◆ Data block:
[Start of Attachment]
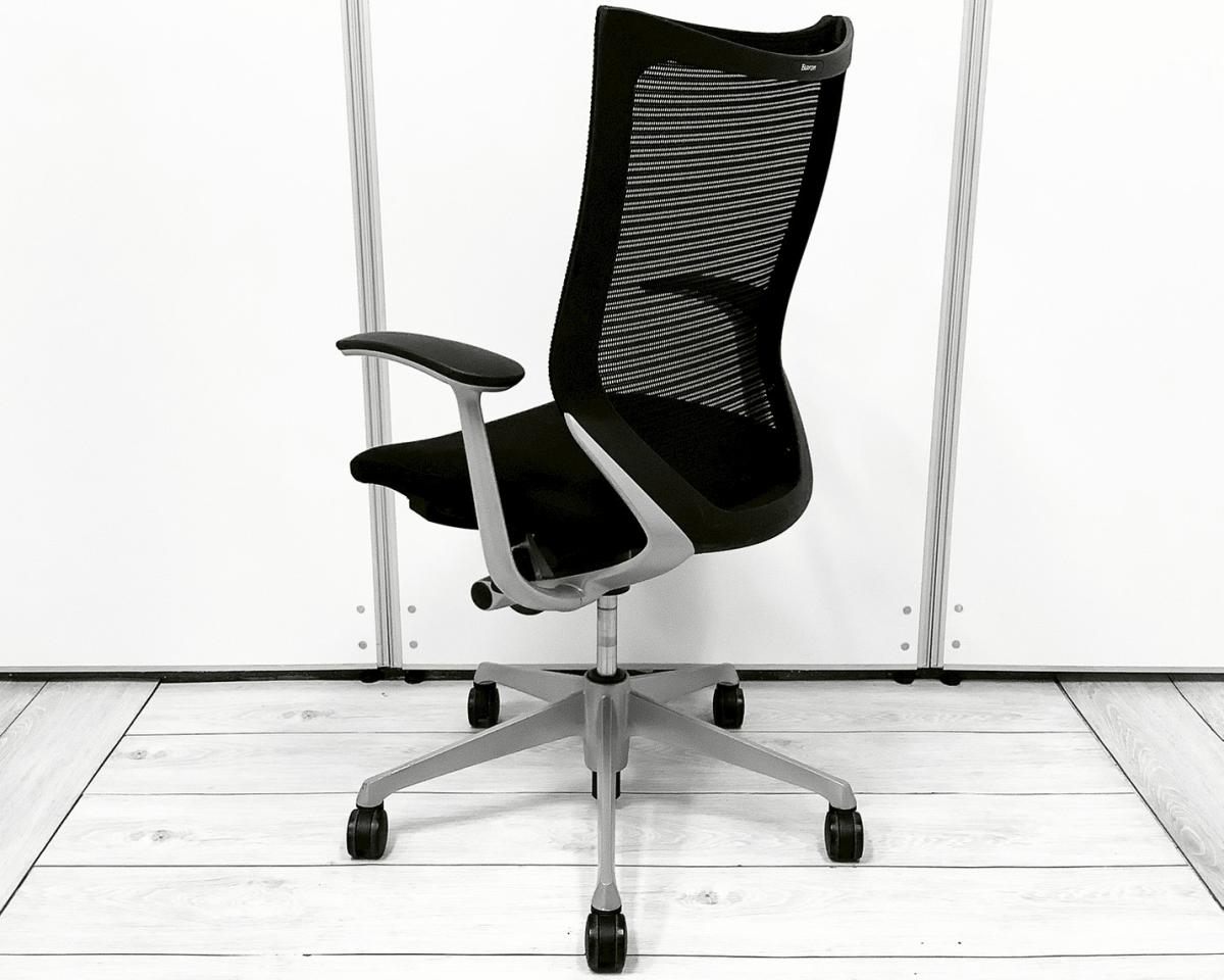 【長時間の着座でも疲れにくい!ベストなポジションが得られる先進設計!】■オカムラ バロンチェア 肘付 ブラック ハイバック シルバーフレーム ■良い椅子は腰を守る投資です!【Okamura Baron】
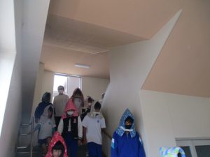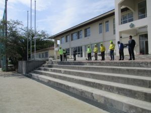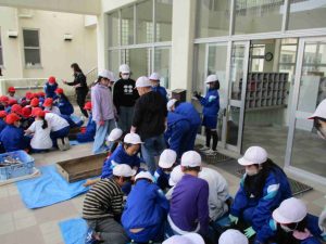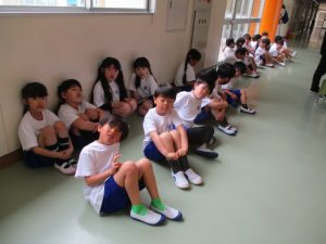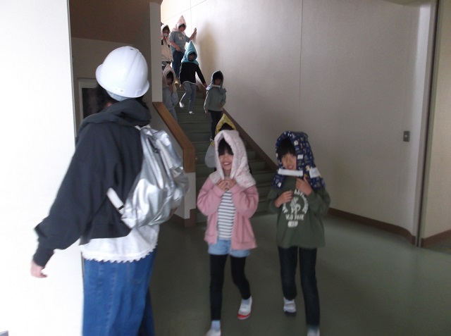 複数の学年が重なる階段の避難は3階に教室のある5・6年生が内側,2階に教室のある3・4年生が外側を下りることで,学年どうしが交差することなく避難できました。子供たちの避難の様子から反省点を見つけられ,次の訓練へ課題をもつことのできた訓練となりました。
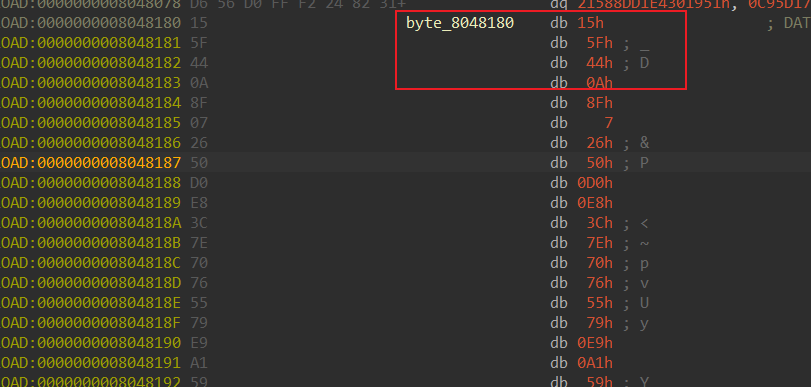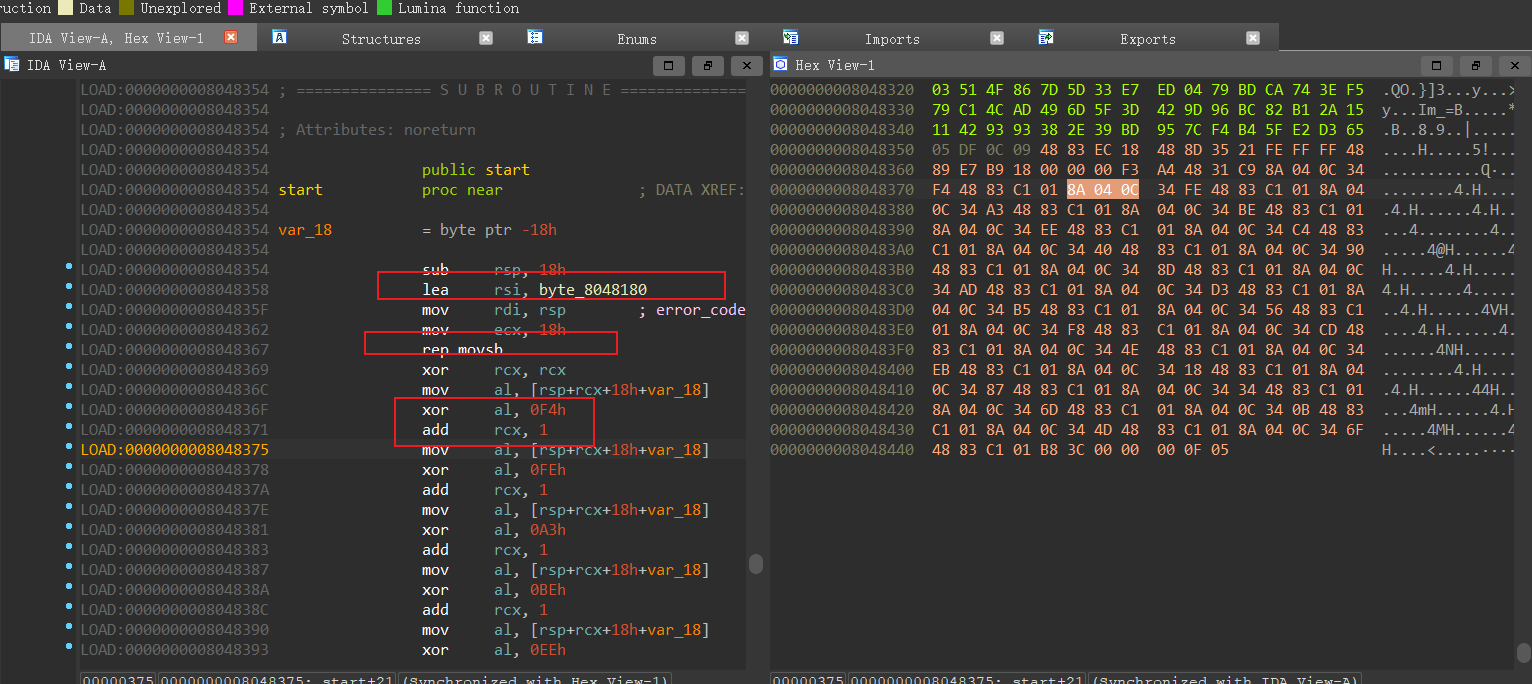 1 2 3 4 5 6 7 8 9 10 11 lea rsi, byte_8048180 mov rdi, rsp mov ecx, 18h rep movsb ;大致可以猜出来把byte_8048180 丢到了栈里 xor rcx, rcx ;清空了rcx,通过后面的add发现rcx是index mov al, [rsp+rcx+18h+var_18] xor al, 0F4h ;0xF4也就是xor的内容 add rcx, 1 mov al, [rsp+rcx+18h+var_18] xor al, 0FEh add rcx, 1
[End of Attachment]
◆ Action item: Transcribe, please, the lines from the one holding "複数の学年が重なる階段の避難" to the final line of the material, both included, exactly and with no extra lines, and skip the pictures.

◆ Written response:
 複数の学年が重なる階段の避難は3階に教室のある5・6年生が内側,2階に教室のある3・4年生が外側を下りることで,学年どうしが交差することなく避難できました。子供たちの避難の様子から反省点を見つけられ,次の訓練へ課題をもつことのできた訓練となりました。
 1 2 3 4 5 6 7 8 9 10 11 lea rsi, byte_8048180 mov rdi, rsp mov ecx, 18h rep movsb ;大致可以猜出来把byte_8048180 丢到了栈里 xor rcx, rcx ;清空了rcx,通过后面的add发现rcx是index mov al, [rsp+rcx+18h+var_18] xor al, 0F4h ;0xF4也就是xor的内容 add rcx, 1 mov al, [rsp+rcx+18h+var_18] xor al, 0FEh add rcx, 1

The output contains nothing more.